OBJECTS OF THE PRESENT DISCLOSURE
[0010] It is an object of the present disclosure to provide a weakly supervised approach for learning a robust and accurate building segmentation model directly on misaligned ground truth data.
[0011] It is an object of the present disclosure to provide a system and a method to directly utilize a large dataset of satellite imagery with shifted ground truth data for training a convolutional neural network (CNN) model for a semantic segmentation of building footprints.
[0012] It is an object of the present disclosure to provide a system and a method for determining a distance transformation between a ground truth polygon mask and a predicted boundary polygon mask.
[0013] It is an object of the present disclosure to provide a system and a method for comparing a closely matched ground truth polygon mask with a predicted boundary polygon mask to determine a standard loss for back propagation.

SUMMARY
[0014] This section is provided to introduce certain objects and aspects of the present disclosure in a simplified form that are further described below in the detailed description. This summary is not intended to identify the key features or the scope of the claimed subject matter.
[0015] In an aspect, the present disclosure relates to a system for training a deep learning model for semantic segmentation of building footprints. The system includes one or more processors and a memory operatively coupled to the one or more processors, wherein the memory includes processor-executable instructions, which on execution, cause the one or more processors to receive a plurality of aerial images and a plurality of ground truth-masked images of the building footprints and determine a plurality of ground truth polygon masks in at least one ground truth-masked image and a plurality of boundary polygon masks in at least one aerial image using an image processing technique. Further, the one or more processors are to determine that at least one ground truth polygon mask is closely matched with each boundary polygon mask based on the determination, and compare the at least one closely matched ground truth polygon mask with said each boundary polygon mask.
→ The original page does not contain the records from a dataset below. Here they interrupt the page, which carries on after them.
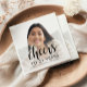 This custom 21st birthday napkin features the guest of honour's personalised photo, name, and birthday, along with the word "Cheers" in elegant black calligraphy script. A white screen helps make the text pop. A great way to celebrate someone who's turning 21!
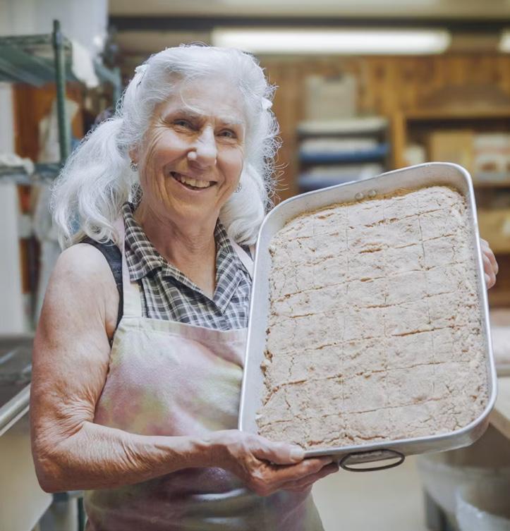 Baker Bernie Miller has been working throughout the year to pull these recipes together and to reduce the amounts so you can bake cookies, for example, in a batch of 36 rather than 500. Of course, those of us here yearround have accepted the challenging job of taste-testing the smaller batch cookies to make sure they are still delicious. It has been grueling work, but someone had to do it.
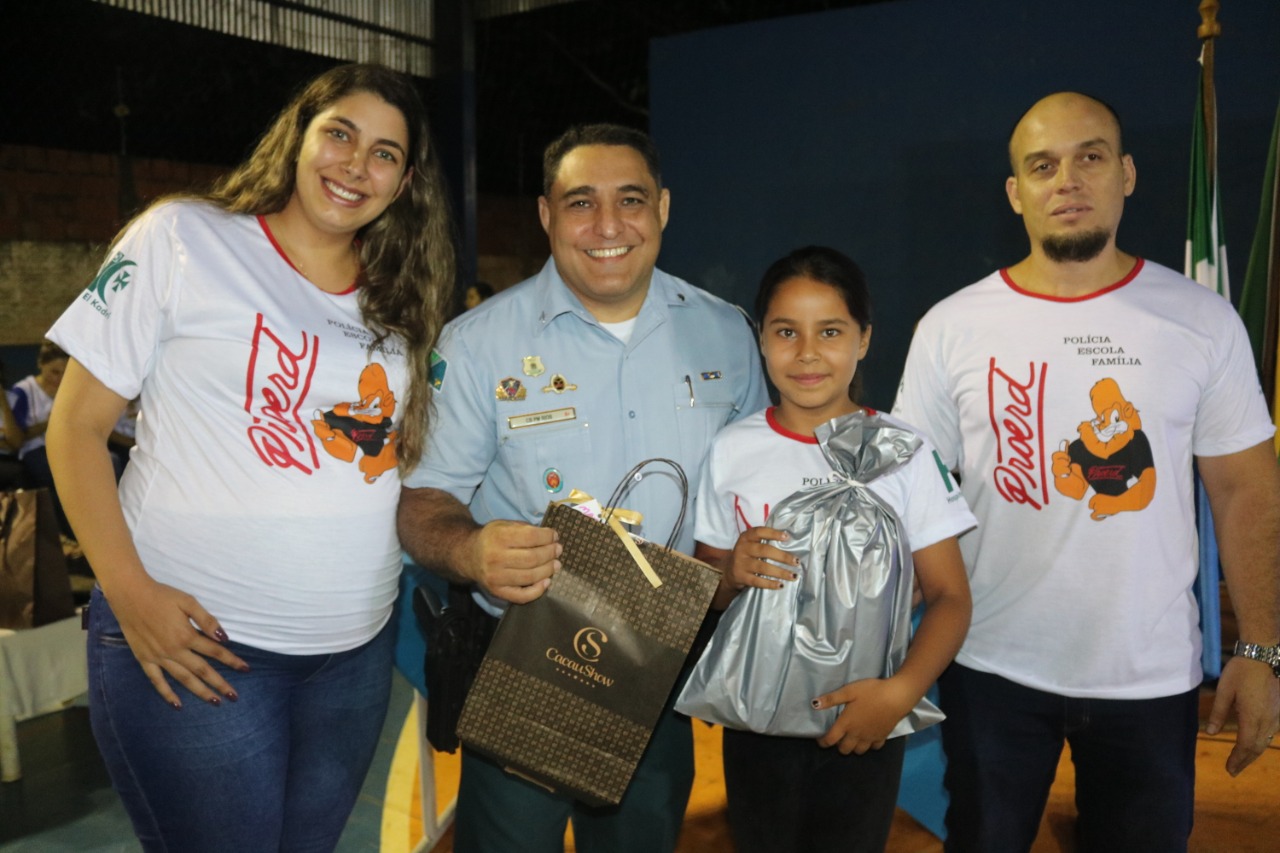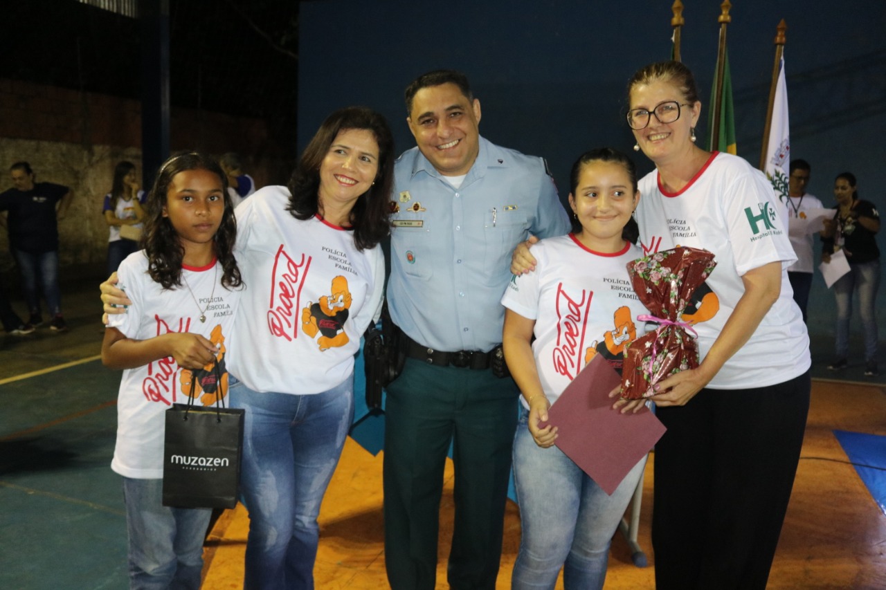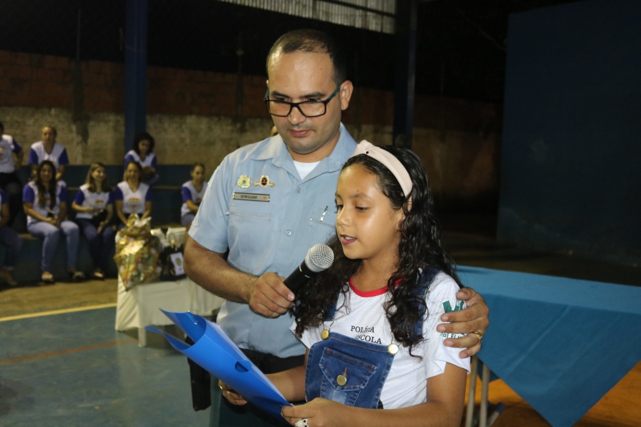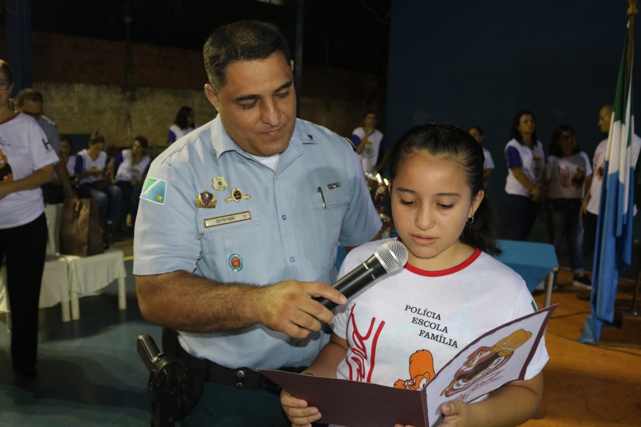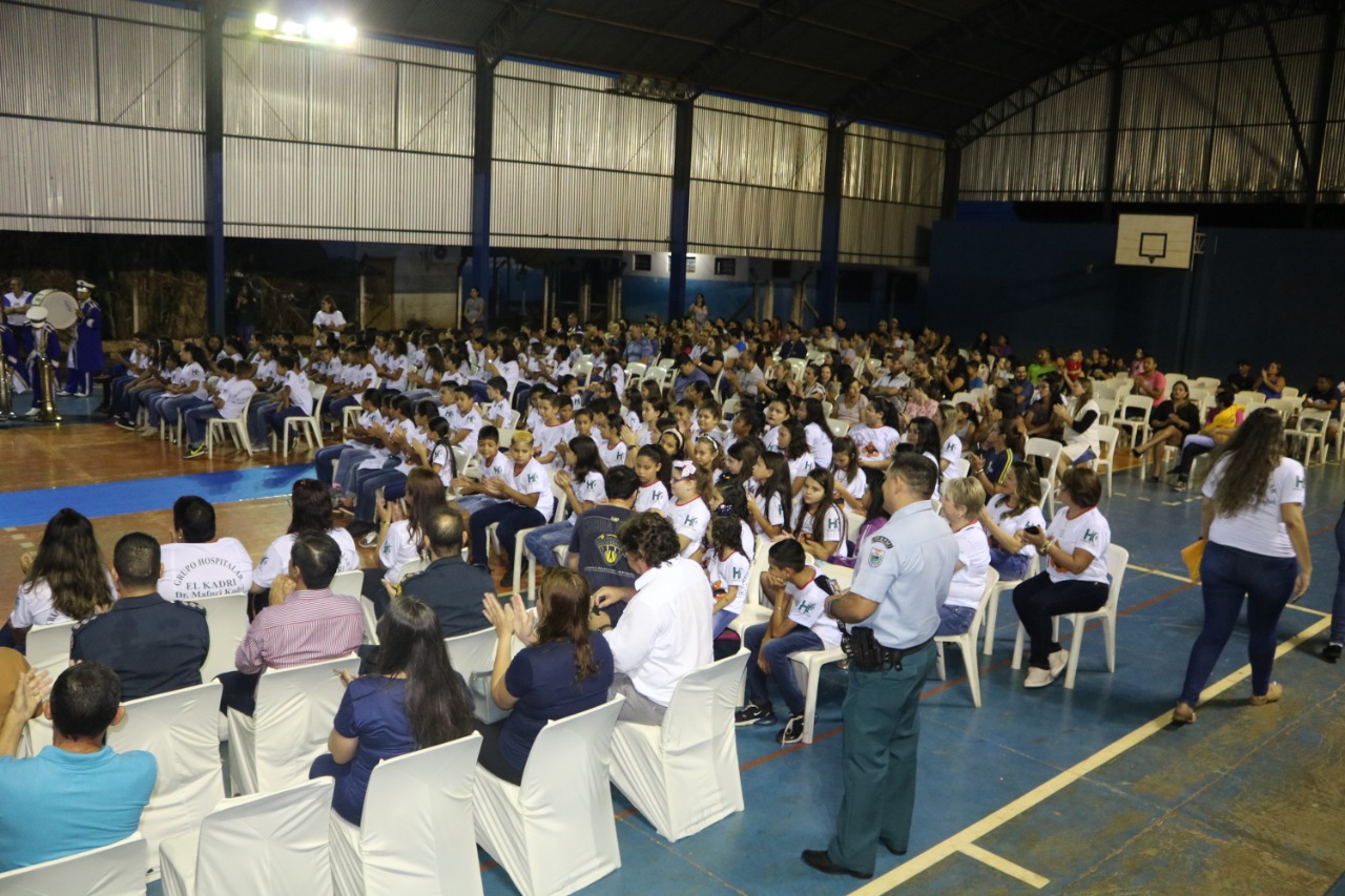 Jardim (MS) – Às 17h30 de ontem (13), foi realizada a Solenidade de Formatura do PROERD em Jardim. O evento foi realizado na quadra poliesportiva da Escola Municipal Major Alberto Rodrigues da Costa (MARC). O projeto, que atendeu e formou 260 alunos de sete escolas da Rede Municipal de Ensino (Zeus Benevides, Estácio Cunha Martins, Rufina Loureiro Caldas, Beracy Brunet Barbosa, Castelo Branco; Oswaldo Fernandes Monteiro e Major Alberto Rodrigues da Costa), esteve sob a coordenação dos instrutores: Cabo PM André Barbosa Rios e Cabo PM Antônio Carlos Olasar de Andrade, durante o ano letivo de 2019.

Further, the one or more processors are to determine a standard loss based on the comparison and train the deep learning model for sematic segmentation of the building footprints based on the standard loss.
[0016] In an embodiment, the one or more processors may correlate the at least one aerial image and the at least one ground truth-masked image to predict a binary segmentation mask of the at least one aerial image and determine the plurality of boundary polygon masks in the at least one predicted binary segmentation mask of the at least one aerial image using the image processing technique based on the prediction.
[0017] In an embodiment, the one or more processors may compare said at least one ground truth polygon mask with said each boundary polygon mask and determine a distance transformation between said at least one ground truth polygon mask and said each boundary polygon mask based on the comparison.
[0018] In an embodiment, the distance transformation replaces a value of each pixel in said each boundary polygon mask with a distance to a nearest boundary pixel within said each ground truth polygon mask.
[0019] In an embodiment, the one or more processors may determine an error of said each boundary polygon mask based on the distance transformation and compare the error of said each boundary polygon mask with said at least one ground truth polygon mask using the distance transformation. Further, the one or more processors may determine a lowest error based on the comparison and determine the at least one closely matched ground truth polygon mask based on the lowest error. Furthermore, the one or more processors may assign the at least one closely matched ground truth polygon mask to said each boundary polygon mask.
[0020] In an embodiment, the one or more processors may determine an overlap range between said each boundary polygon mask with said at least one ground truth polygon mask to determine the error.
[0021] In an embodiment, the one or more processors may apply a transformation matrix between said each boundary polygon mask and the at least one closely matched ground truth polygon mask and determine the lowest error of the at least one closely matched ground truth polygon mask corresponding to said each boundary polygon mask.
[0022] In an embodiment, the one or more processors may select the lowest error of the at least one closely matched ground truth polygon mask corresponding to said each boundary polygon mask to determine the standard loss.
[0023] In an embodiment, the one or more processors may back propagate the determined standard loss to the deep learning model for training.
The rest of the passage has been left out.